With the pectin chains re-formed, there is now a network that traps water and gives the jelly its characteristic firm-but-wiggly texture.

Don't you feel empowered by all this information?  Put it to good use:


Rosehip and Apple Jelly
adapted from River Cottage Handbook No. 2 - Preserves

Ingredients
  • 325 g rosehips
  • 775 g apples, peeled and quartered (I used windfall apples from my questionable backyard apple tree, removing any severely damaged sections)
  • roughly 550 g sugar
Procedure

Place the quartered apples in a straight-sided pan.  Cover with water.  Bring to a boil, then simmer until the apples soften and turn to pulp.




In the mean time, chop the rosehips in a food processor.



Add the rosehips to the pan and simmer for 10 minutes.
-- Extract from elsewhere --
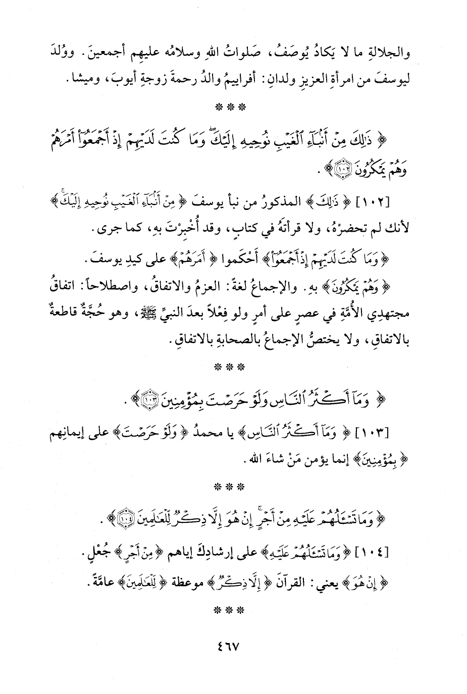 [103] {وَمَا أَكْثَرُ النَّاسِ} يا محمدُ {وَلَوْ حَرَصْتَ} على إيمانِهم {بِمُؤْمِنِينَ} إنما يؤمن مَنْ شاءَ الله.

Remove the pan from the heat and let stand for 10 minutes.  Pour the mixture into a scalded jelly bag suspended over a bowl. Drain for several hours.  After 24 hours I ended up with about 800 mL liquid.



Measure the juice and put it into a pot. Bring to a boil, then add 400 g of sugar for each 600 mL of juice. (My 800 mL of liquid required 533 g sugar.) Stir until completely dissolved, then boil to setting point, 220F.



After boiling I had roughly 500 mL jelly. Pour into hot sterilized jars.


1.  McGee, Harold. On Food and Cooking. ©2004 Scribner, New York. Page 296.  This is the only direct citation I used, but really all of the scientific info is from this invaluable reference.